Workshops

 

NanoTemper’s MST and nanoDSF Workshop

The workshop will cover principles of biomolecular interaction analytics using Microscale Thermophoresis (MST) as well as protein stability and aggregation assessment with use of nanoDSF technology. We strongly encourage to bring your samples for analysis. Experts from nanotemper will train the students

Number of participants: 24 (working in pairs)
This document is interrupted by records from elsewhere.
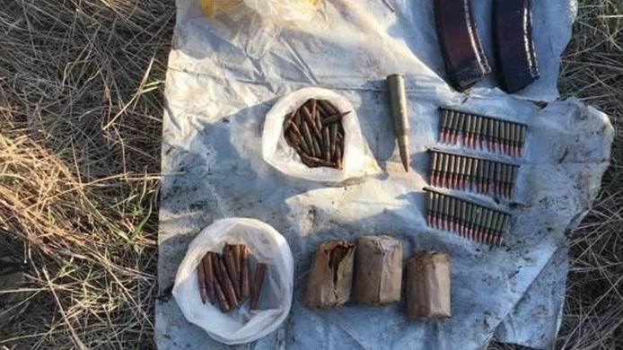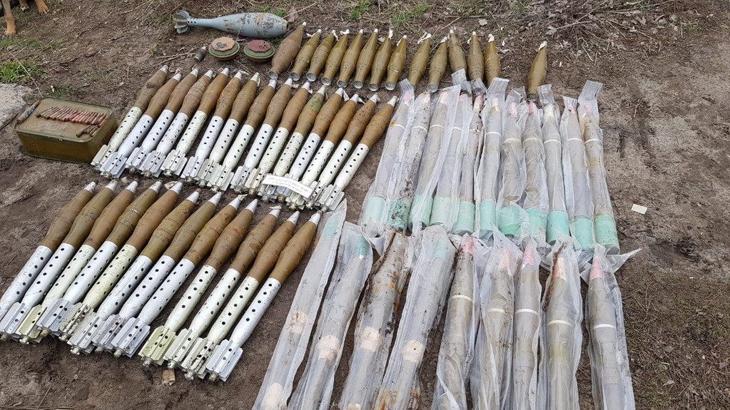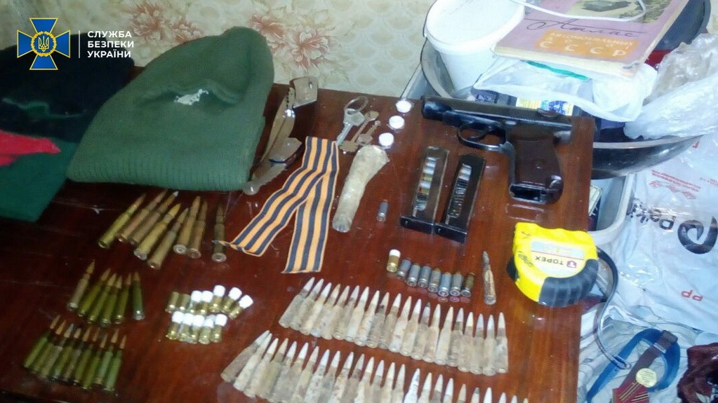С октября 2019 года по апрель 2020-го было ликвидировано на территории Луганской и Донецкой областей несколько тайников "группы Бергмана". Из тайников изъято, в частности, самодельное взрывное устройство, которое состояло из корпуса огнетушителя и взрывчатого вещества, что составляет почти 2 килограмма в тротиловом эквиваленте, 17 гранат РГД-5 и Ф-1, 400 граммов тротила, 3 мины ПМН, 2 выстрела ВОГ- 25 и 40 РПГ-7, автомат Калашникова с четырьмя магазинами, пистолет марки "Star model B", 6 универсальных запалов к ручной гранате УЗРГМ-2, более 2 тысяч боевых патронов различного калибра.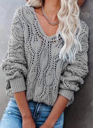 Fall Sweaters Round Neck Crochet Hollow Out Cute Winter Pullover Sweaters for Women Trendy 2024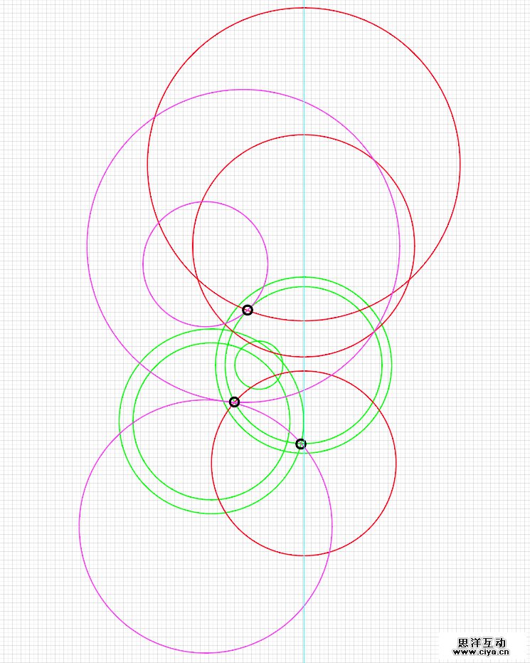 将复制的圆圈对第一次画的圆,居中对称对齐(如图所示)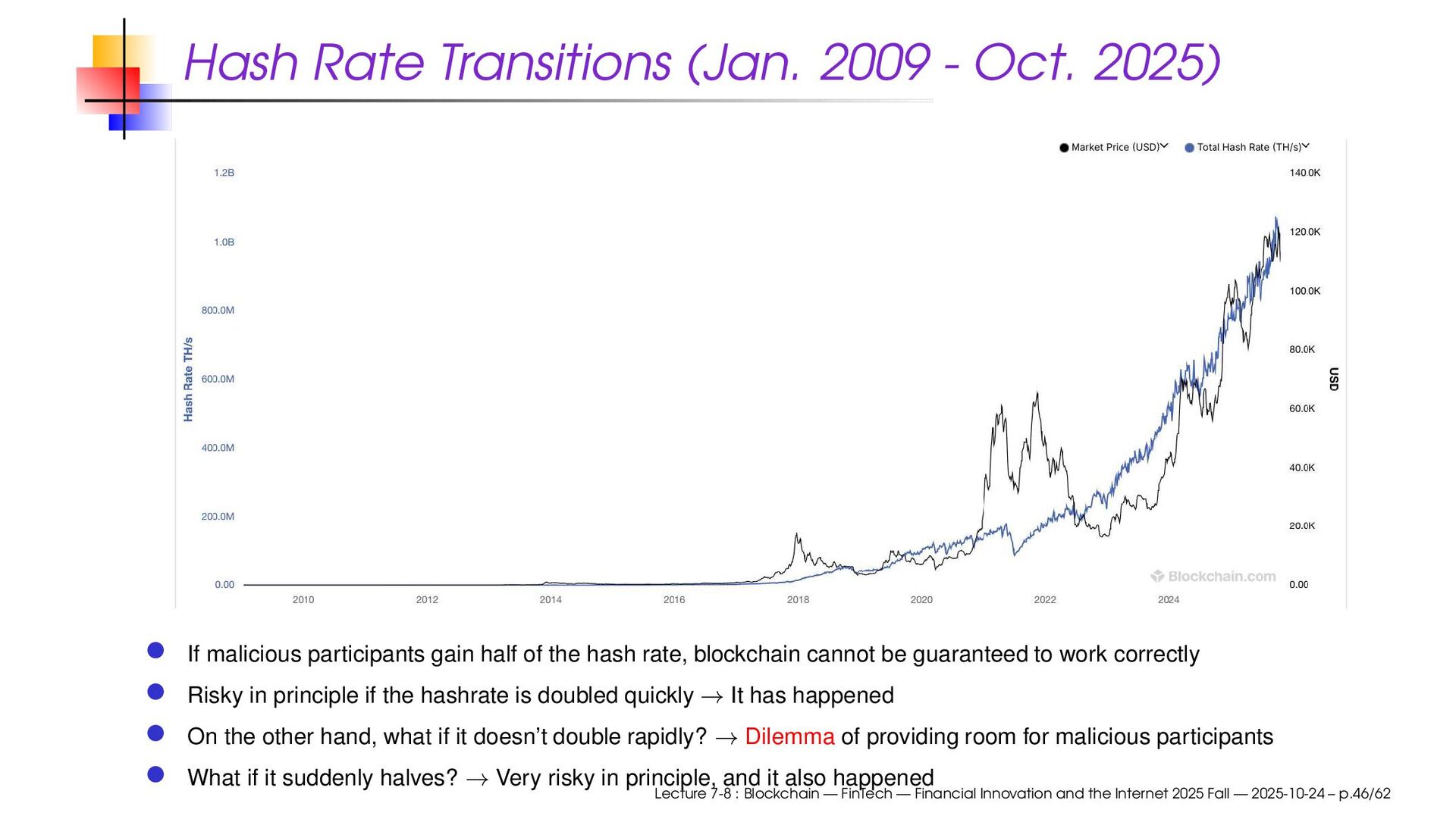 participants gain half of the hash rate, blockchain cannot be guaranteed to work correctly Risky in principle if the hashrate is doubled quickly → It has happened On the other hand, what if it doesn’t double rapidly? → Dilemma of providing room for malicious participants What if it suddenly halves? → Very risky in principle, and it also happened Lecture 7-8 : Blockchain — FinTech — Financial Innovation and the Internet 2025 Fall — 2025-10-24 – p.46/62

Molecular dynamics simulations

This workshop will help you gain first experiences in performing molecular dynamics simulations. After a short theoretical introduction, you will find out about the basic ingredients for a molecular simulation. You will setup your own simulation of a small peptide and run some short simulations of it. Finally, you will analyse the resulting trajectories and find out what computational methods can offer in addition to experimental approaches. Held by by Prof.  Zagrovic and Prof. Oostenbrink. Work on Linux PCs at the Faculty of Science, or you bring your own Linux laptop.

Number of participants: 24

 

Atomic Force Microscopy (AFM)

AFM is a flexible tool to image and probe samples at the nanoscale. The workshop addresses Ph.D students and post-docs, as well as scientists, core facility technicians and engineers that are interested in the application of AFM to biology. A major emphasis will be on the preparation of biological samples for AFM imaging and spectroscopy and experimental activity will be the core of the workshop. Participants will be divided into groups: each group will focus on a specific scientific topic (biomolecules, cells) and each participant will be given opportunity to use AFM instruments provided by leading companies that are supporting the school. The presentation/lecture modules will be used only as an introductory component – as we strive to promote active learning experiences. Held by by Prof.  Roos and dr. Ivosevic DeNardis. Trainers are also Dr. Kobiela and dr. Mišić-Radić, as well as the experts from AFM companies.

Number of participants: 24

Proteome fingerprinting by MS

Mass spectrometry is routinely used to identify pathogens and malignant cell strains by directly fingerprinting their proteome. Prof. Mario Cindric has developed this method to the next level where it can be used for de-novo sequencing of peptides. The method is based on a proprietary chemical derivatization agent for preparation of the protein samples for MS analysis and heavily involves bioinformatics tools to analyze the MS spectra.